OK. Call it something else. The motivation for my question is getting server costs under control. Moving as much processing as possible client side is one way to achieve this. Cleaning up the security architecture may be overly ambitious, but a rewrite would provide the opportunity to take a rational look at MW's vulnerabilities and security services.
I don't know where WMF is on the cost question, but we would benefit from reducing our hosting costs.
WMF's hosting costs are pretty well under control. We have two parser CPU reduction features on our roadmap, but the main justification for doing them is to reduce latency, rather than cost, thus providing a better user experience. If both of them are fully utilised, we can probably reduce average parse time by a factor of 10.
By "we" do you mean Citizendium? How many servers do you have?
-- Tim Starling
On Wed, 07 Dec 2011 12:15:41 +1100, Tim Starling wrote:
On 07/12/11 09:50, Dan Nessett wrote:
OK. Call it something else. The motivation for my question is getting server costs under control. Moving as much processing as possible client side is one way to achieve this.
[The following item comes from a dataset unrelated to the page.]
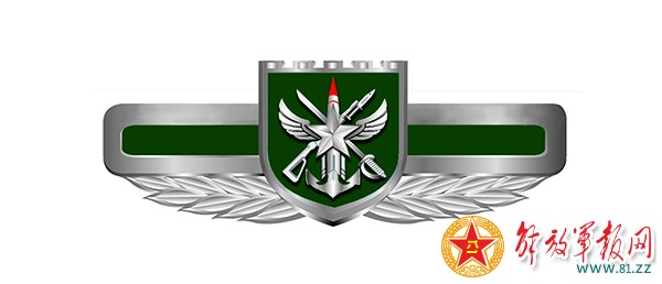 火箭军胸标。设计元素由五星、导弹、象征胜利的“V”字底托、祥云状火焰(意指导弹发射时推进剂燃烧形成的气体)和橄榄枝组成。五星、导弹居中,导弹呈发射状态,“V”字底托向上、向外延伸形成祥云状火焰,火焰底色为深红色。寓意火箭军是维护国家主权和领土安全的“威慑核心、战略支撑、安全基石”。设计风格与陆军、海军、空军胸标既协调一致,又各有特色,表征作用明显。

Cleaning up the security architecture may be overly ambitious, but a rewrite would provide the opportunity to take a rational look at MW's vulnerabilities and security services.
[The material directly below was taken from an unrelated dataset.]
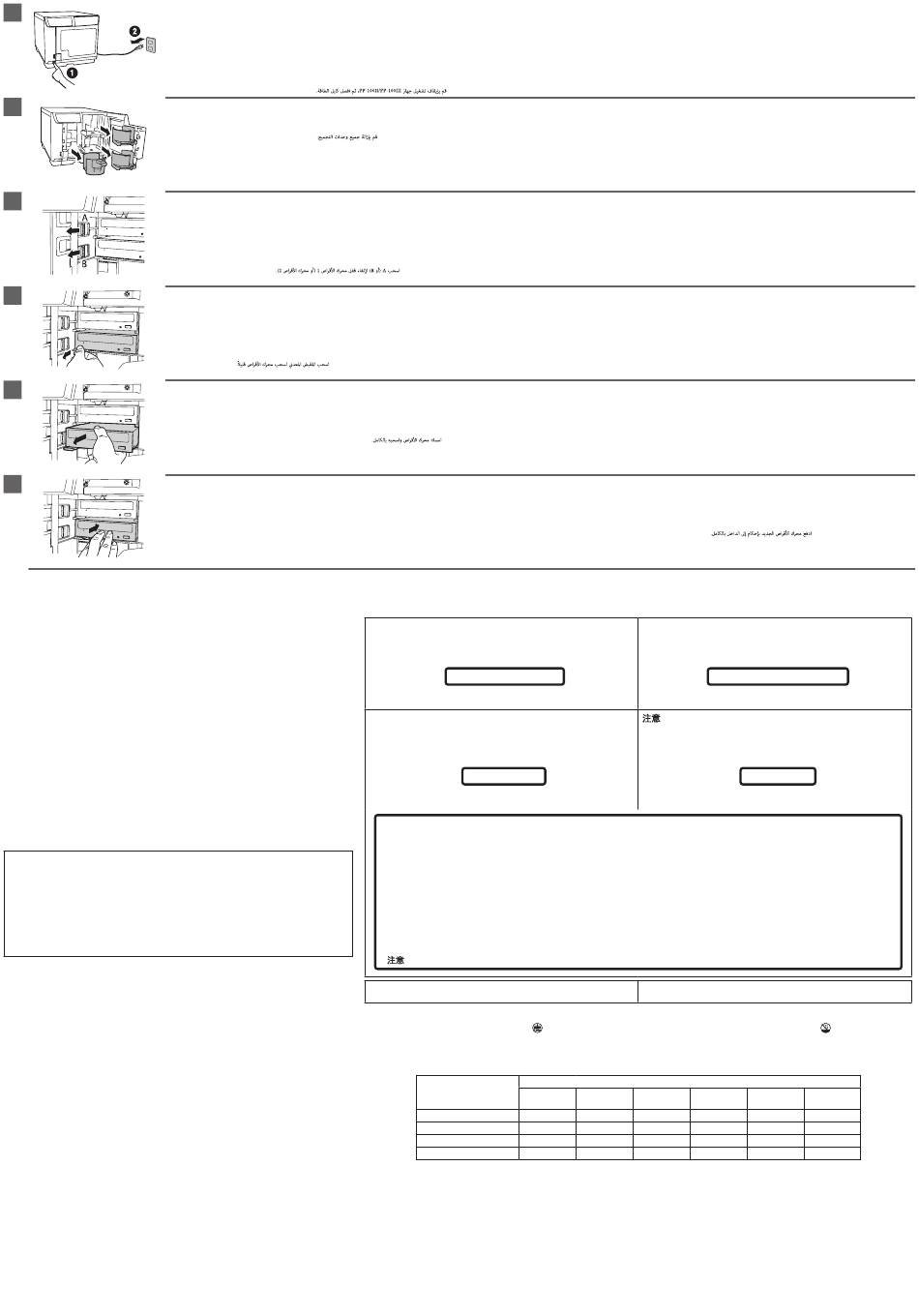 Vyjměte všechny zásobníky. • Távolítsa el az összes kötegelőt. • Vyberte všetky zásobníky. • Scoateţi toate sertarele. • Отстранете всички стекове. • Noņemiet visas starplikas. • Pašalinkite visus lipdukus. • Eemaldage kõik toed. • Снимите все наклейки.

I don't know where WMF is on the cost question, but we would benefit from reducing our hosting costs.
WMF's hosting costs are pretty well under control. We have two parser CPU reduction features on our roadmap, but the main justification for doing them is to reduce latency, rather than cost, thus providing a better user experience. If both of them are fully utilised, we can probably reduce average parse time by a factor of 10.
By "we" do you mean Citizendium?
Yes.
How many servers do you have?
3. It would help to get it down to 2.
I assume my comments apply to many other small wikis that use MW as well. Most operate on a shoe string budget.
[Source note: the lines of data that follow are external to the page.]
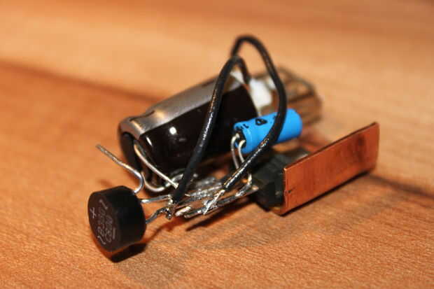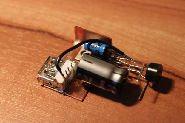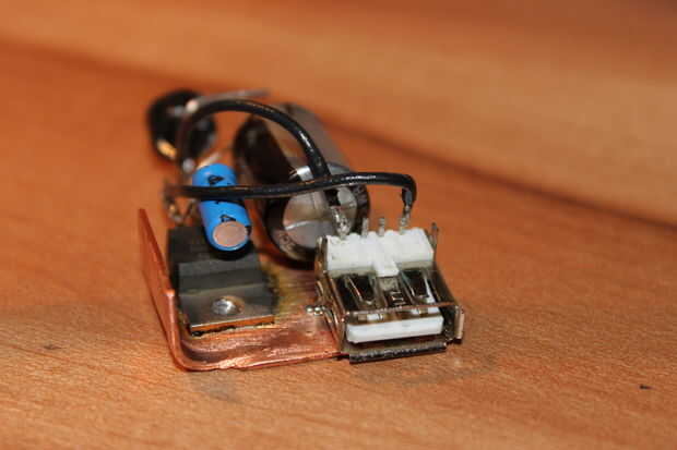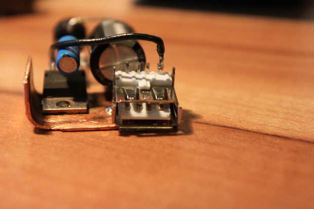 Soy vorne gesehen der Pluspol de USB-Stecker ist ganz rechts von. Dieser wird mit dem rechten Pin des Spannungsreglers über la ein Stück isoliertes verbunden Kabel.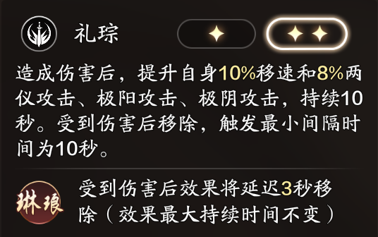 木桩方案的核心观点是必须带两个礼琮刻玉,因为礼琮的技能效果是增加两仪攻击、极阳攻击、极阴攻击,这是提高PVE伤害的关键属性。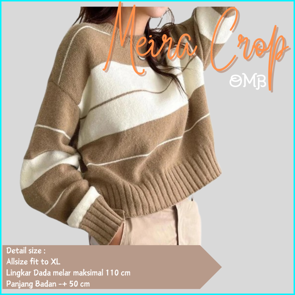 Crop Top Meira Rinsyi Suji Rajut Wanita Blouse Knited Wear Lengan Panjang- Omb

On 07/12/11 12:34, Dan Nessett wrote:
On Wed, 07 Dec 2011 12:15:41 +1100, Tim Starling wrote:
How many servers do you have?
- It would help to get it down to 2.
I assume my comments apply to many other small wikis that use MW as well. Most operate on a shoe string budget.
You should try running MediaWiki on HipHop. See
http://www.mediawiki.org/wiki/HipHop
It's not possible to pay developers to rewrite MediaWiki for less than what it would cost to buy a server. But maybe getting a particular MW installation to run on HipHop with a reduced feature set would be in the same order of magnitude of cost.
-- Tim Starling
* Tim Starling tstarling@wikimedia.org [Wed, 07 Dec 2011 12:54:22 +1100]:
On 07/12/11 12:34, Dan Nessett wrote:
On Wed, 07 Dec 2011 12:15:41 +1100, Tim Starling wrote:
How many servers do you have?
- It would help to get it down to 2.
I assume my comments apply to many other small wikis that use MW as
well.
Most operate on a shoe string budget.
You should try running MediaWiki on HipHop. See
http://www.mediawiki.org/wiki/HipHop
It's not possible to pay developers to rewrite MediaWiki for less than what it would cost to buy a server. But maybe getting a particular MW installation to run on HipHop with a reduced feature set would be in the same order of magnitude of cost.
-- Tim Starling
An easier and probably more exotic-extension-compatible way is to use upcoming PHP 5.4, they promised faster execution and smaller memory footprint comparing to PHP 5.3. Dmitriy
On Wed, 07 Dec 2011 12:54:22 +1100, Tim Starling wrote:
On 07/12/11 12:34, Dan Nessett wrote:
On Wed, 07 Dec 2011 12:15:41 +1100, Tim Starling wrote:
How many servers do you have?
- It would help to get it down to 2.
I assume my comments apply to many other small wikis that use MW as well. Most operate on a shoe string budget.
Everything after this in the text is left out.